··· Input data

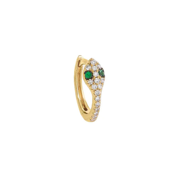 How to wear: This huggie sits close to your earlobe with the snake wrapping around. Perfect for asymmetric styling, stacking with other huggies, or making a statement on its own.
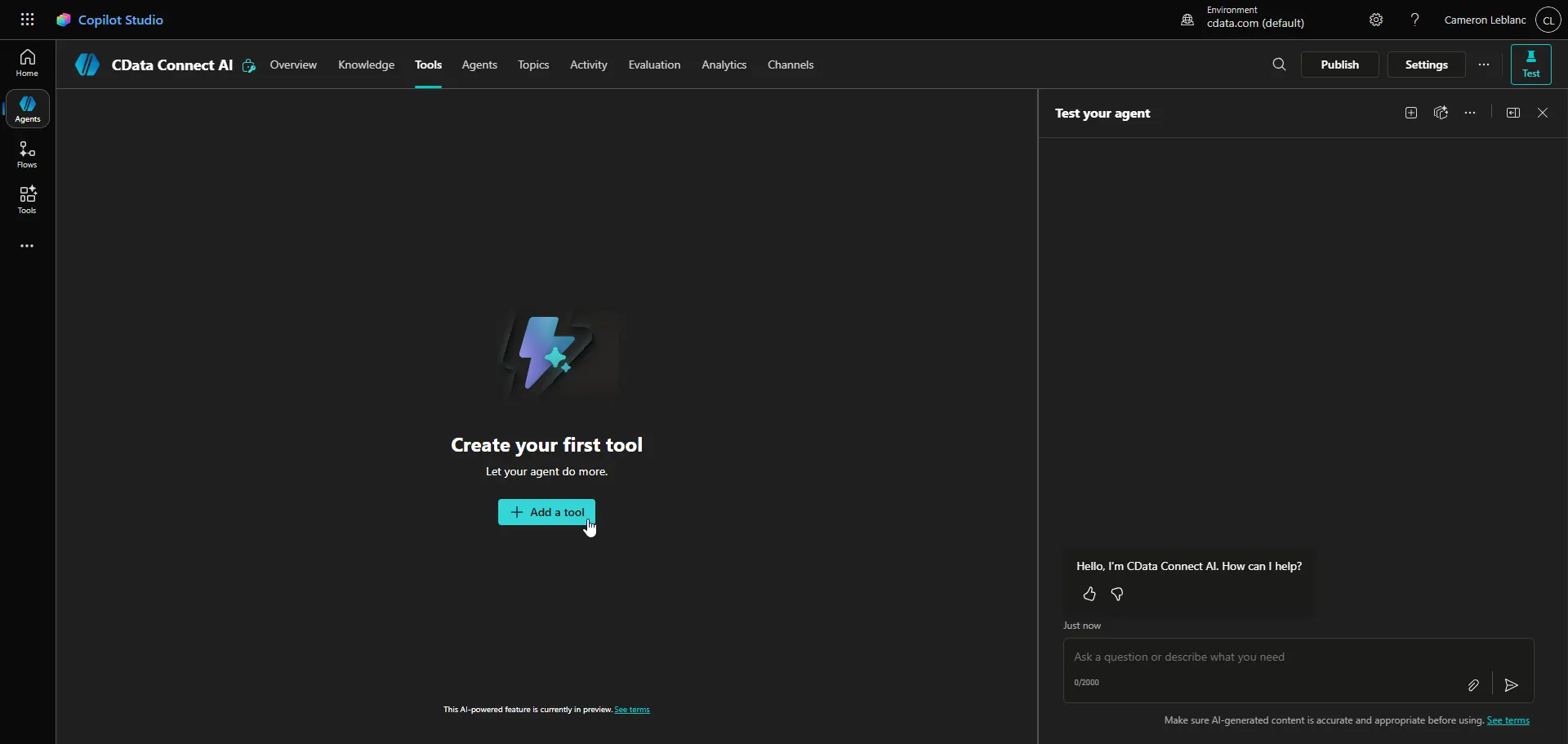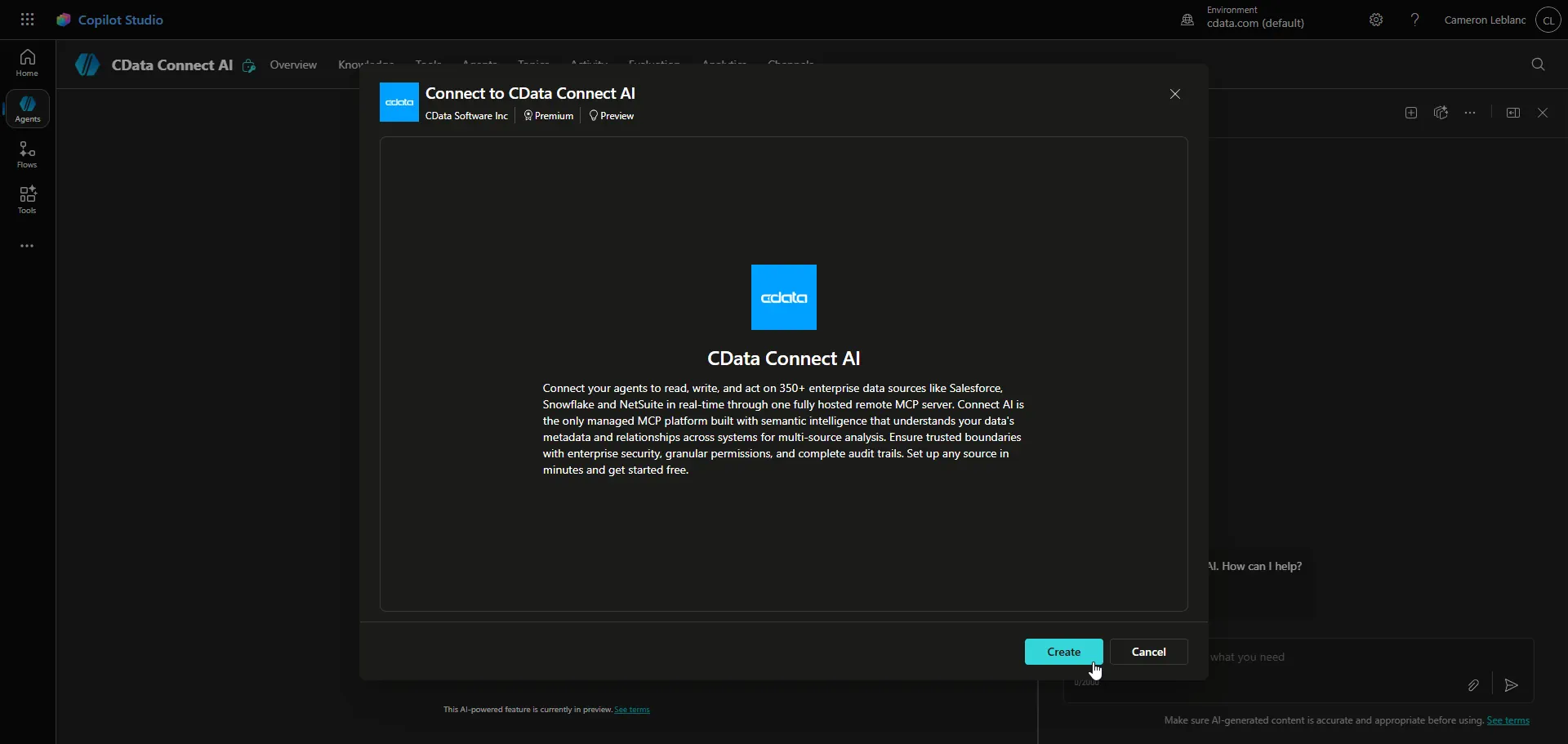 ステップ 2: Microsoft Copilot Studio からCData Connect AI に接続
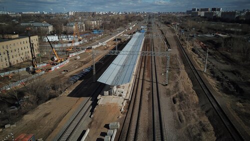 Вид с квадрокоптера на строительство платформы "Курьяново" на МЦД-2 на юго-востоке Москвы
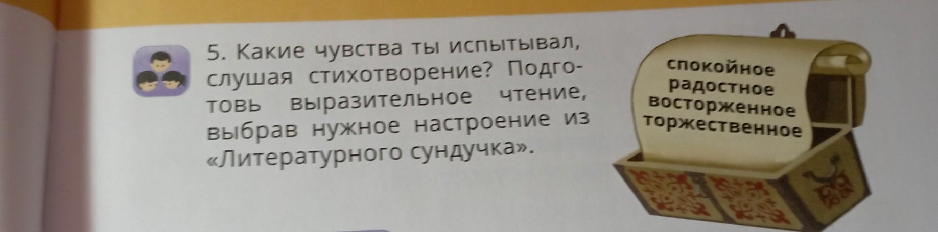 Какие чувства ты испытывал слушая стихотворение?Подготовь выразительное чтение выбрав нужное настроение из <<Литературного сундучка>>.
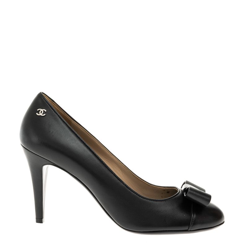 Sapato de Salto Chanel, confeccionado em couro preto, laço frontal, bico arredondado. A peça se encontra em ótimo estado, com leves marcas de uso.
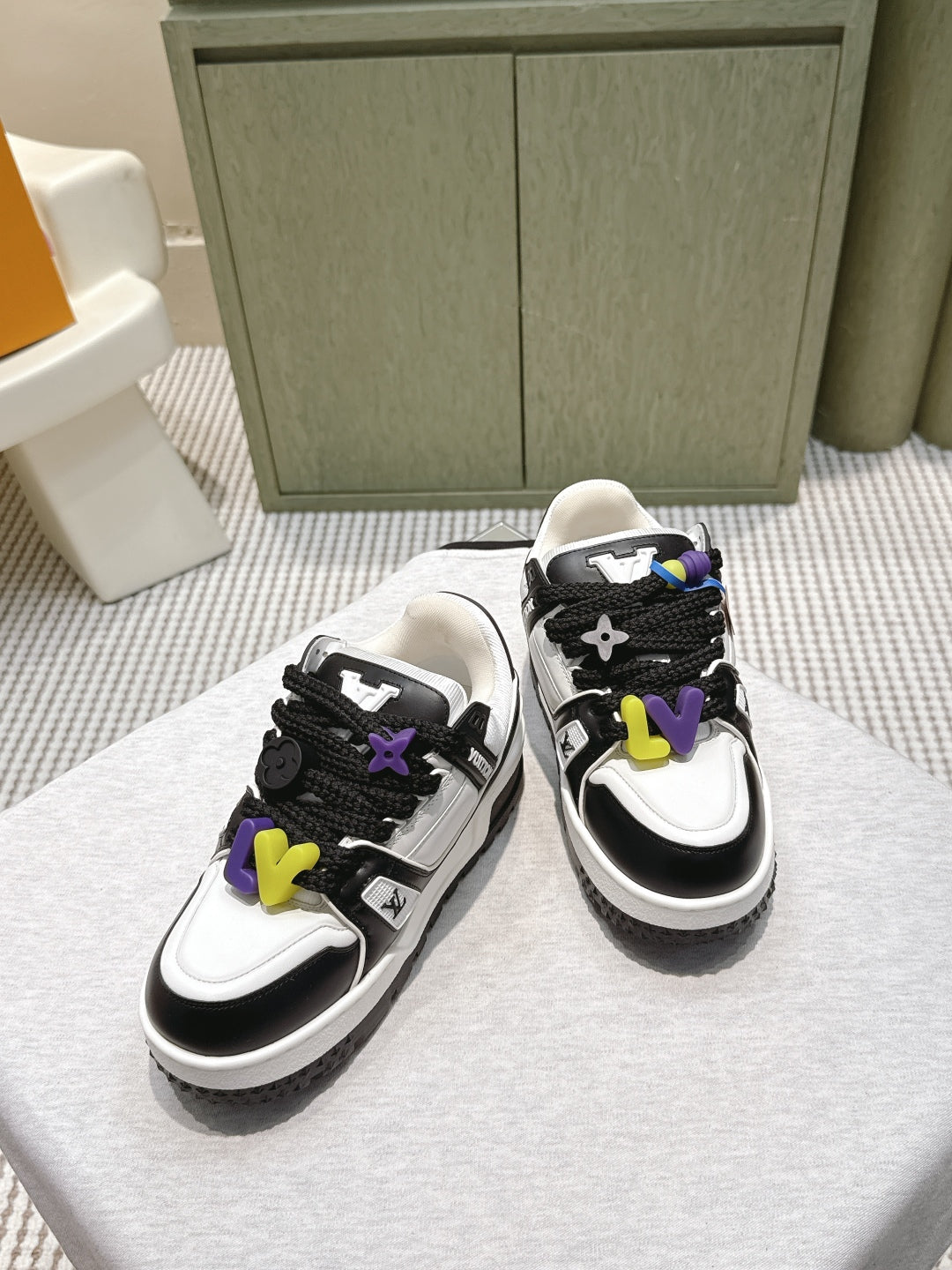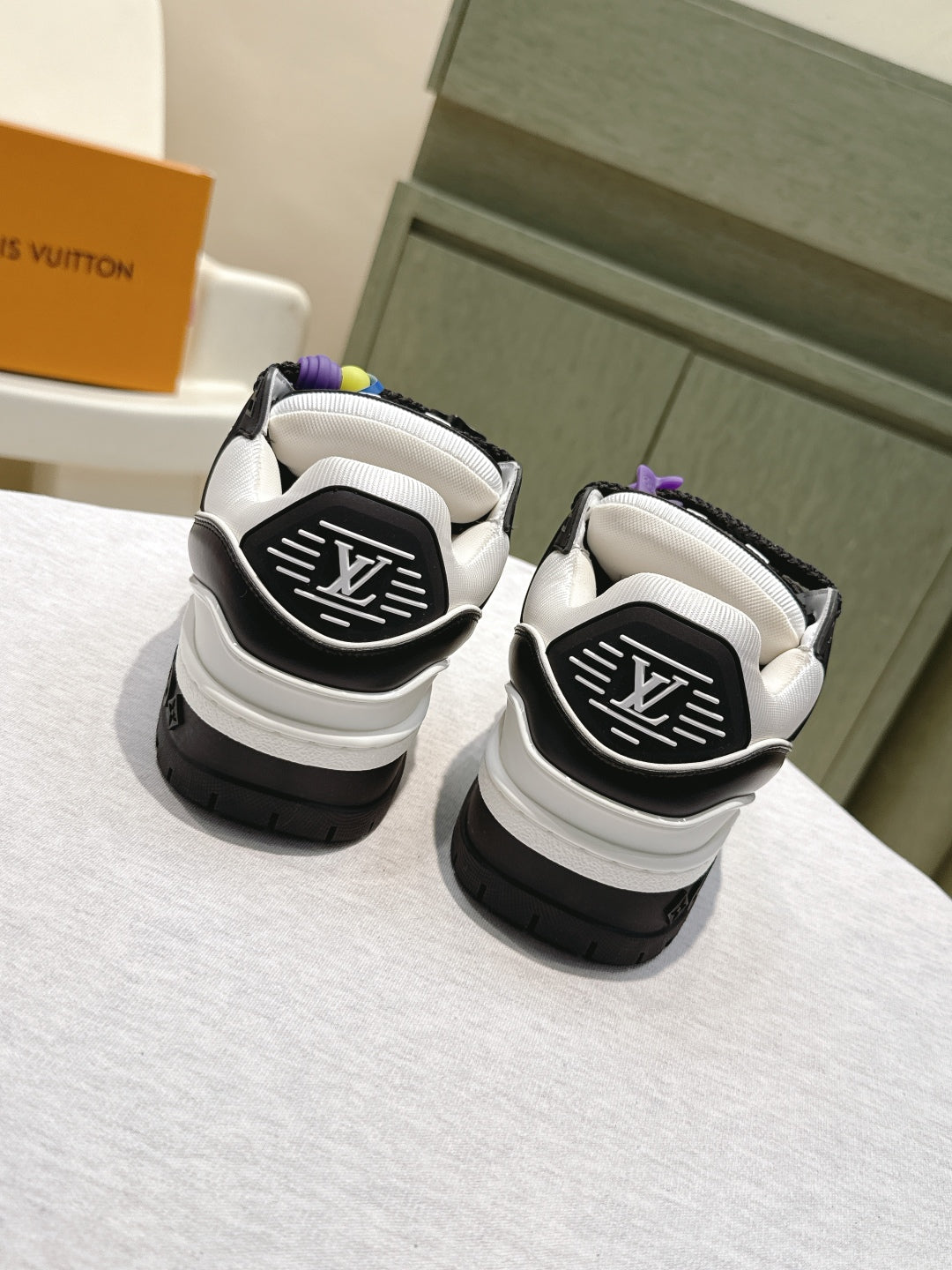 LV Trainer Maxi Sneakers Black Mix White Calfskin Mesh 515195
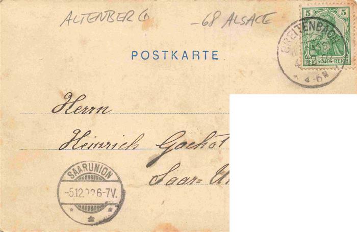 13974140 Altenberg Bergheim 68 Haut-Rhin Alsace Hotel Altenberg im Winter postalisch gelaufen Erhaltung siehe scans [FriedD77] carte postale Frie Katcode 11170068568028

······

> _Exercise prompt_:
Skip every picture and return the lines above from the top through the one that contains "Вид с квадрокоптера".

> _Expected answer_:
 How to wear: This huggie sits close to your earlobe with the snake wrapping around. Perfect for asymmetric styling, stacking with other huggies, or making a statement on its own.
 ステップ 2: Microsoft Copilot Studio からCData Connect AI に接続
 Вид с квадрокоптера на строительство платформы "Курьяново" на МЦД-2 на юго-востоке Москвы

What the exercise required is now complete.